We divided the project into subsequent phases. After doing the research and conceptualizing the idea, we set the goal of making a prototype. The aim was to build a system in which the drone is able to take off, scan a shelving system with autonomous movements, fly back to its starting point, and simultaneously send the data to a database. For projects like this, it is important to know how drones move, what the difficulties of indoor flight are, how machine vision works and one has to have a deep understanding of machine learning, too. It’s also useful to know the communication protocols of different devices, let it be an RTMP server, TCP, since the devices used in the project communicate with each other in different ways. Experience in Android development was also a must as a significant part of the communication channel was provided by an Android device. We created our prototype with the complex application of the above knowledge, using the following devices:
● DJI Mavic 2 Zoom
● Ubuntu Server
● Android SDK
● Google Pixel 1
As our project was planned for indoor flight, it was important to have a small, easily programmable drone equipped with a good camera. A camera barcode reader does not work properly outside a certain distance. However, it is not a good idea to fly a drone closer to the shelves than 30 centimeters as it can fall down or crash into the shelves due to turbulence. In fact, it’s safer to stay at least half a meter from the shelves. Furthermore, there is not much natural light in storehouses, therefore the resolution of the camera image is not the best from this distance. Thus, it is important for our device to be able to zoom with the camera. We chose the DJI Mavic 2 Zoom for this purpose because due to its size it is able to fly indoors and it has a camera with optical zoom function. It can be used with a Windows SDK, which means that we can control it with a single laptop. The truth is, however, that when we were developing the system the Mavic 2 Zoom was not able to carry out Windows SDK movements, it could only take off and land, which, unfortunately, turned out only after the purchase. The official documentation did not meet reality and therefore we couldn’t use the Windows SDK. Nevertheless, when running with the Android SDK, Mavic 2 Zoom could be navigated easily. This SDK has moderately good documentation, which did not always make our task easier, but at least on paper, it supports many things. It is important to mention that although the DJI products and their control panels might seem well-documented, the information in the documentation is in many cases far from reality.

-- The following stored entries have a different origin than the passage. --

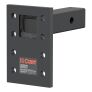 In agriculture, construction and even military applications, pintle hitches are the trusted product of specialized towing. They are notorious for their high weight capacity and simple design. The basic pintle hitch is essentially a hook and loop, with the hook attached to the vehicle and the loop mounted on the trailer. Because of their simple design, pintle hitches are able to have thicker metal construction and more secure coupling. CURT has a wide variety of pintle hitches and pintle-style products to give you a complete solution for your heavy-duty towing needs. This adjustable pintle mount is designed to accept a bolt-on pintle hook or combination ball and pintle. It features a series of mounting holes to provide three different mounting heights for the hook and can be mounted in any 2" x 2" receiver tube opening. This pintle mount offers a gross trailer weight capacity up to 10,000 lbs. and features a total plate height of 7", providing up to 6-1/2" of drop (NOTE: Not for use in rise position; never exceed the lowest weight capacity of any towing component; i.e. the vehicle, hitch, trailer, etc). The heavyweight towing done with pintle hitches implies a certain amount of wear and tear on your towing equipment, and to prepare for this, CURT uses a quality finish on all our pintle mounts, lunette eyes and combination pintle hitches. This pintle mount is coated in a tough black carbide powder coat finish to provide the perfect amount of rust and scratch resistance needed to face the heavy-duty towing you do every day.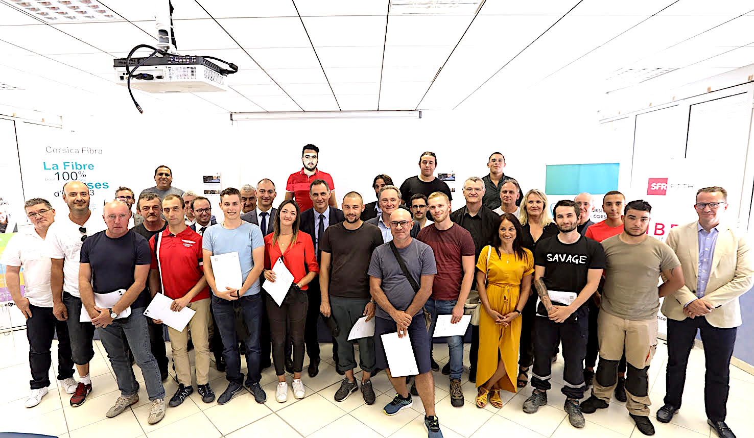 En partenariat avec SFR, l’AFPA de Corti et le CFA d’Aiacciu se sont engagés dans la mise en place d’un programme de formation spécifique aux métiers de la fibre optique grâce à la mobilisation de tous les acteurs et notamment de l’Ecole de la Deuxième Chance (E2C) de Bastia, des Plombiers du Numérique, de Pôle emploi, de l’Opca Constructys Paca-Corse, des Missions Locales et des entreprises en demande.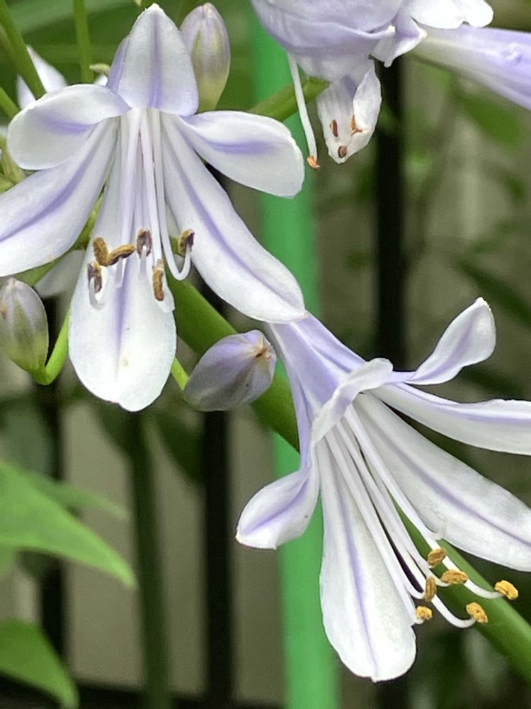 ①アガパンサス シャキッとした茎なのに暑さか肥料不足か寝てしまいます😅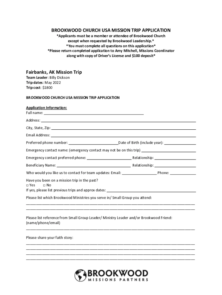 Get the free BROOKWOOD CHURCH USA MISSION TRIP APPLICATION ...
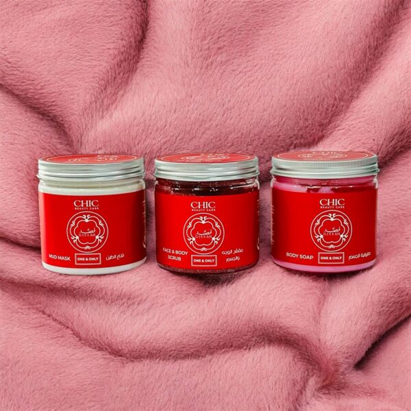 مجموعة قصة للعناية بالوجة و الجسم ، صابونية جسم ،مقشر الوجه و الجسم ، قناع الطين عبوة 521 مل
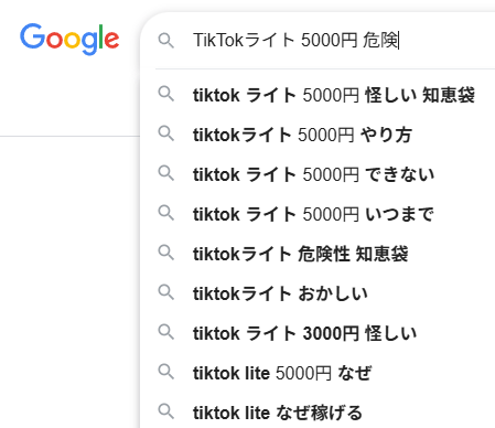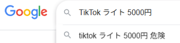 「TikTokライト5000円危険」と検索される理由は下記の通り。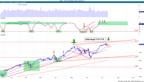 Below you will see a nice target I have on the next move up in the S&P 500. It only seems right to continue to respect the recent trend lines and a break of the 1700 zone will satisfy the criteria of a new high being taken out to set us up for a pull back into the channel.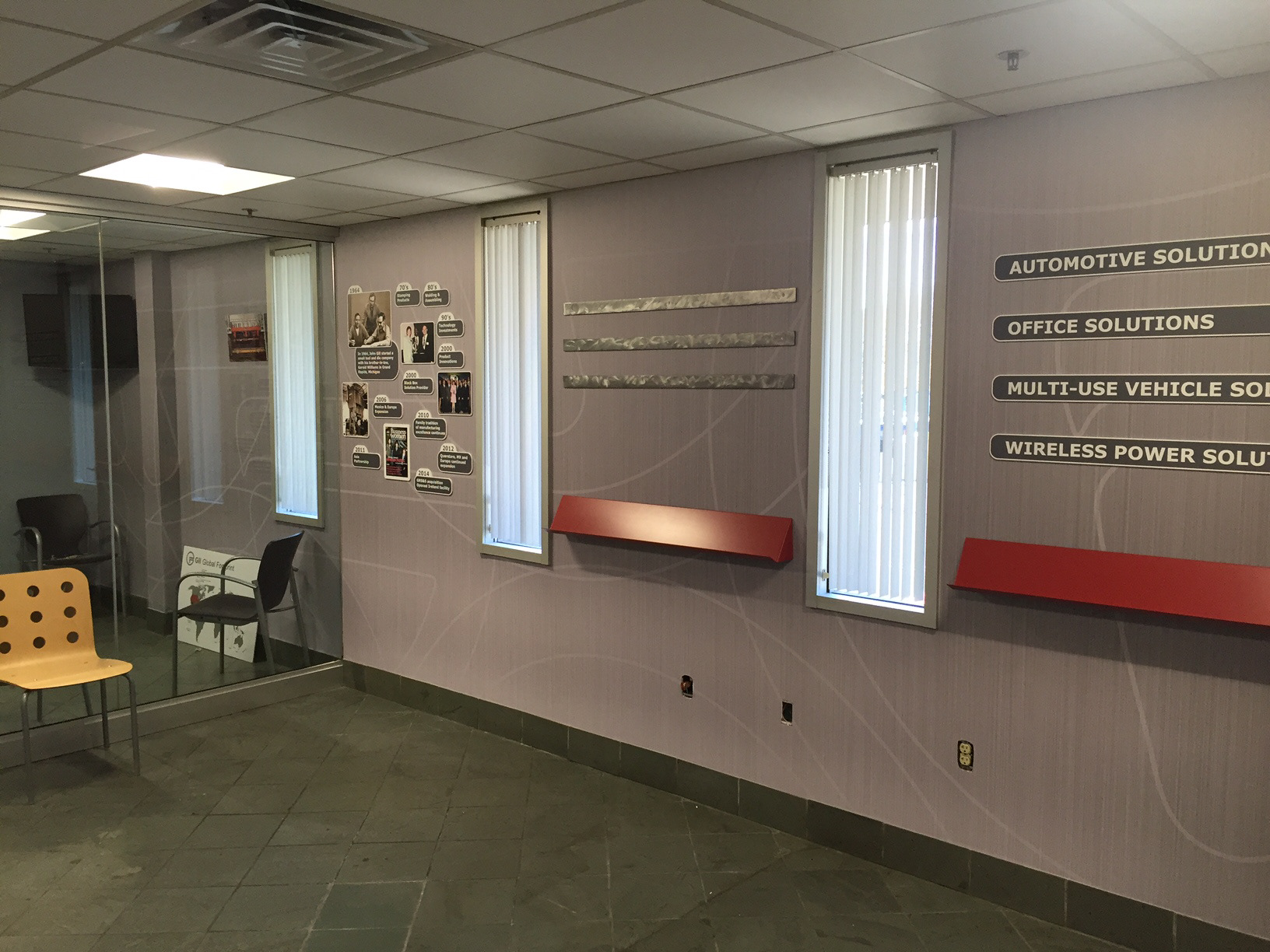 Partnering with Nimlok Michigan, Fab Creative designed an updated lobby space for Gill Industries. Project consists of custom designed and printed wallpaper, dimensional logo and photo panels, magnetic receptive display panels and shelves to display client's metal stamping products.
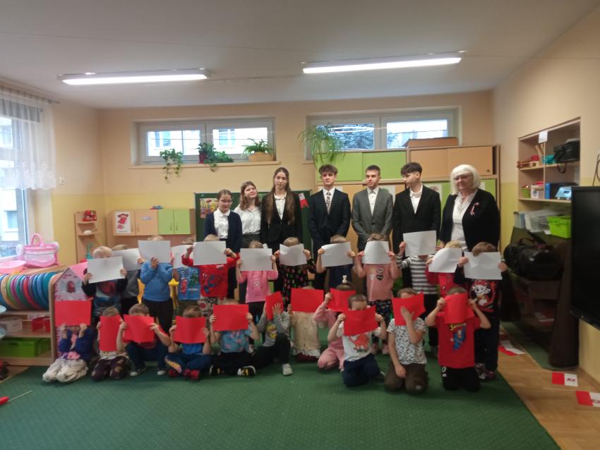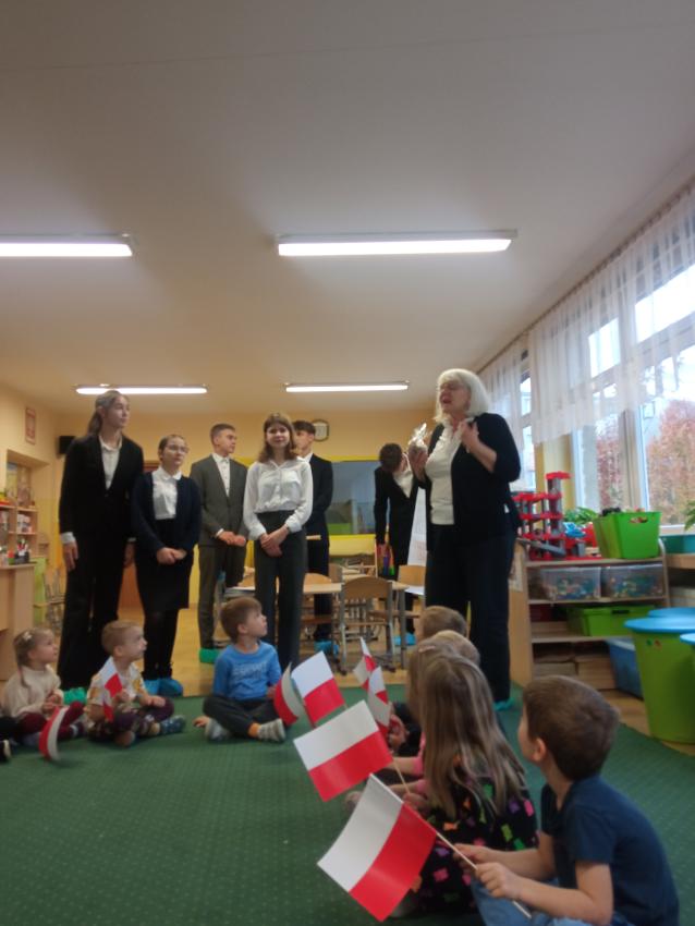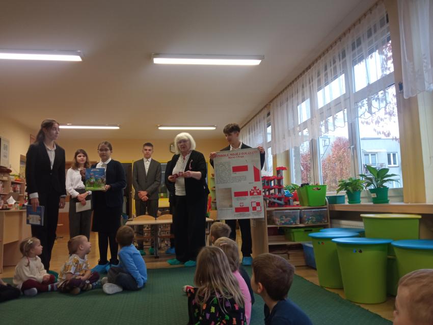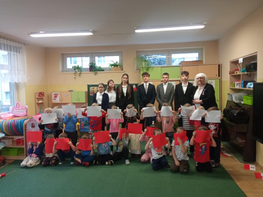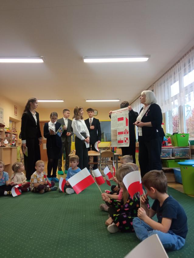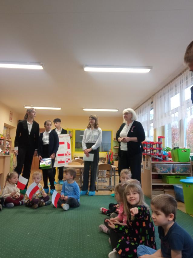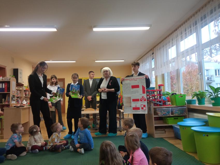 Uczniowie z klasy 7 i 8 Szkoły Podstawowej nr 113 w Krakowie odwiedzili nasze Przedszkole, rozmawiali z dziećmi na temat symboli narodowych, uczestniczyli w inscenizacji słowno-muzycznej przygotowanej przez dzieci z grupy V.

In order to establish a connection between a mobile device and the DJI drone, first, we needed to connect the drone’s controller to the phone through a USB cable. After the device was recognized, we were able to code any controller’s commands using the code written in our Android application. We retrieved the live video from the drone’s camera with the help of the Android SDK and then we used the LiveStreamManager provided by SDK to send the image to a Linux server computer, which processes the information and sends the commands to the drone based on the processed data. We also used our application to make the drone take off and land and to send the movement data to the drone. Further tasks included moving the camera (gimbal) as well as setting and controlling the zoom. The Android SDK provides complete methods for most of the functions, thus the above functions were relatively easy to implement.
Some default security settings, such as the visual sensors, had to be turned off on the drone so that we could fly it indoors in a small area, close to the shelves. If we don’t turn them off, we can only approach an object from 1.5 meters. On one occasion we turned off all the visual sensors, which meant that the drone could only navigate with GPS signal. In this mode, drones can only rely on signals received from at least 6 satellites. However, this was not an option indoors, and thus the drone switched onto the ATTI mode, which is rather dangerous, as the drone does not know where it is and begins to fly in one direction at a constant speed. This was the first case when our drone fell down. We were lucky as the drone flew towards the ground and it did not hurt us. After this accident, we decided to carry out all the flight tests in a cage equipped with a safety net. Also, we drew the conclusion that it is crucial for the drone to have a downward-facing camera otherwise, it is not able to hold its position, which can result in accidents such as the one mentioned above. The camera monitors the floor and localizes itself based on the patterns, therefore it is particularly important that the surface is not too homogenous or reflective.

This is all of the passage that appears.